*TASK INSTRUCTIONS:*
Transcribe only the lines in the data below falling between the line with "All of the index" and the line with "大米,牛肉,胡萝卜,香菇,绿豆芽,生菜", including those two lines, and leave out any picture.

*DATA IN THIS EXERCISE:*
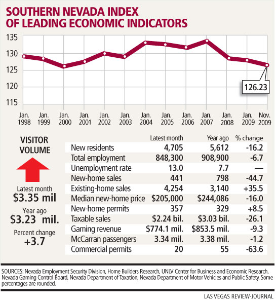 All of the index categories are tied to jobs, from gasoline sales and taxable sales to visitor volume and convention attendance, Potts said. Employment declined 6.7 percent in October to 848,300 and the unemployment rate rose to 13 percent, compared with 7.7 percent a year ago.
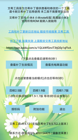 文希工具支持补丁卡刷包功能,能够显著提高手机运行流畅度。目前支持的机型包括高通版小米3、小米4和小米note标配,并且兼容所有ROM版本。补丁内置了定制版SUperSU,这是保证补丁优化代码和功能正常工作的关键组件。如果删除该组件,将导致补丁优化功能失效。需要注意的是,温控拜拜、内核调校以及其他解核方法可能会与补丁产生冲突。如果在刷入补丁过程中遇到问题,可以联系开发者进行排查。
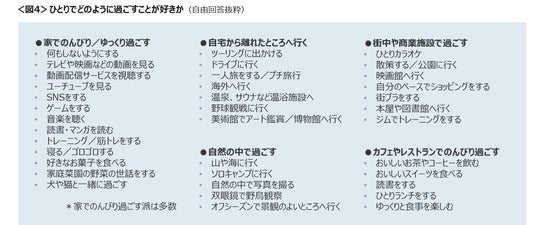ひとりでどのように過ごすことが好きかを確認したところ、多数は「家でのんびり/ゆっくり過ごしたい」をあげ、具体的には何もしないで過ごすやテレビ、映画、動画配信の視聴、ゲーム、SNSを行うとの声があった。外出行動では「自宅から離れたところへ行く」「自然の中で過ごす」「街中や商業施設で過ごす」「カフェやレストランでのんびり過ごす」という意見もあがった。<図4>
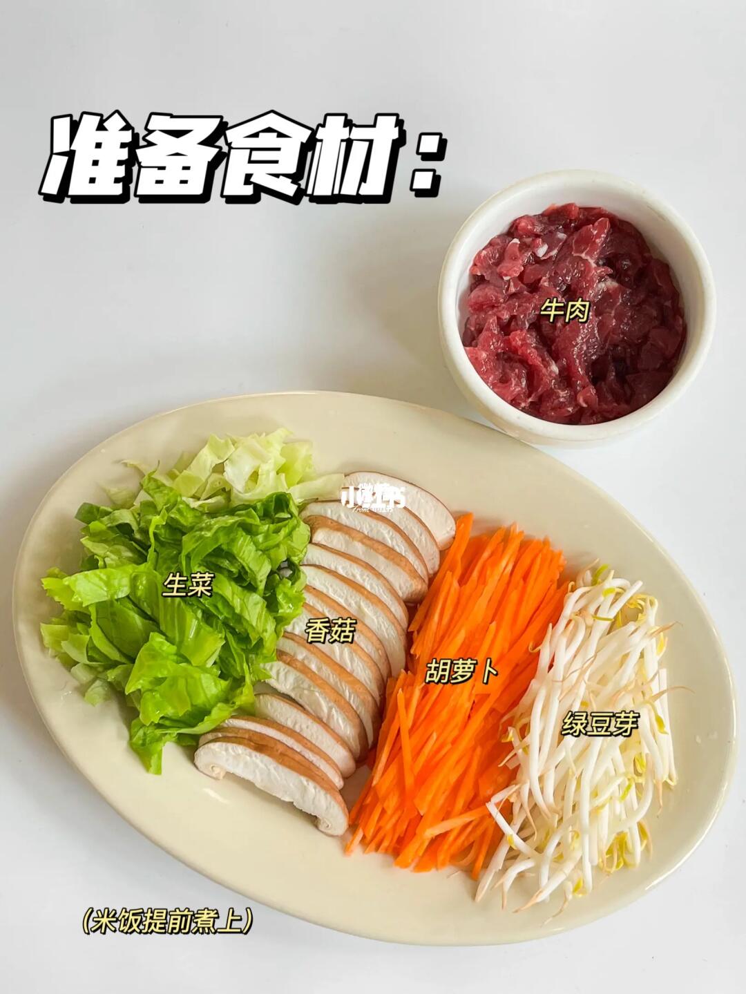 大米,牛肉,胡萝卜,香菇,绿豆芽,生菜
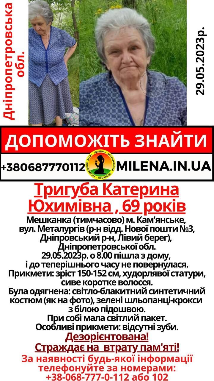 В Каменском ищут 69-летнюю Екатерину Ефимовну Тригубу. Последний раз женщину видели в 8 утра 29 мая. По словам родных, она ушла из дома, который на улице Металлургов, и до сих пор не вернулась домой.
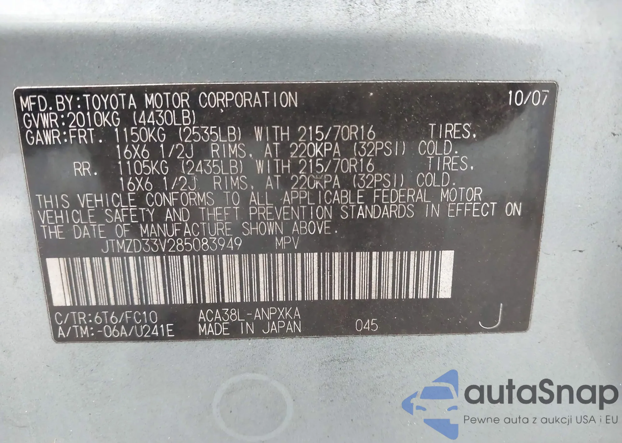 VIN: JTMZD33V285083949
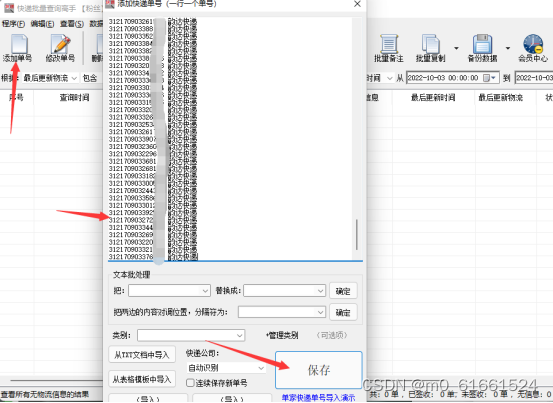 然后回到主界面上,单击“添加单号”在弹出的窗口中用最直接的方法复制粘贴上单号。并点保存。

---

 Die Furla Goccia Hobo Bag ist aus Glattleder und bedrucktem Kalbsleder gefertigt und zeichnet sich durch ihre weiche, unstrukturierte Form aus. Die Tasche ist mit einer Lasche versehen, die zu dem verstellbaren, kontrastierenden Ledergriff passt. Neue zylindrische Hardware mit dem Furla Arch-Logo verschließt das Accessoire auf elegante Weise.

*REPLY TO THE TASK:*
 All of the index categories are tied to jobs, from gasoline sales and taxable sales to visitor volume and convention attendance, Potts said. Employment declined 6.7 percent in October to 848,300 and the unemployment rate rose to 13 percent, compared with 7.7 percent a year ago.
 文希工具支持补丁卡刷包功能,能够显著提高手机运行流畅度。目前支持的机型包括高通版小米3、小米4和小米note标配,并且兼容所有ROM版本。补丁内置了定制版SUperSU,这是保证补丁优化代码和功能正常工作的关键组件。如果删除该组件,将导致补丁优化功能失效。需要注意的是,温控拜拜、内核调校以及其他解核方法可能会与补丁产生冲突。如果在刷入补丁过程中遇到问题,可以联系开发者进行排查。
ひとりでどのように過ごすことが好きかを確認したところ、多数は「家でのんびり/ゆっくり過ごしたい」をあげ、具体的には何もしないで過ごすやテレビ、映画、動画配信の視聴、ゲーム、SNSを行うとの声があった。外出行動では「自宅から離れたところへ行く」「自然の中で過ごす」「街中や商業施設で過ごす」「カフェやレストランでのんびり過ごす」という意見もあがった。<図4>
 大米,牛肉,胡萝卜,香菇,绿豆芽,生菜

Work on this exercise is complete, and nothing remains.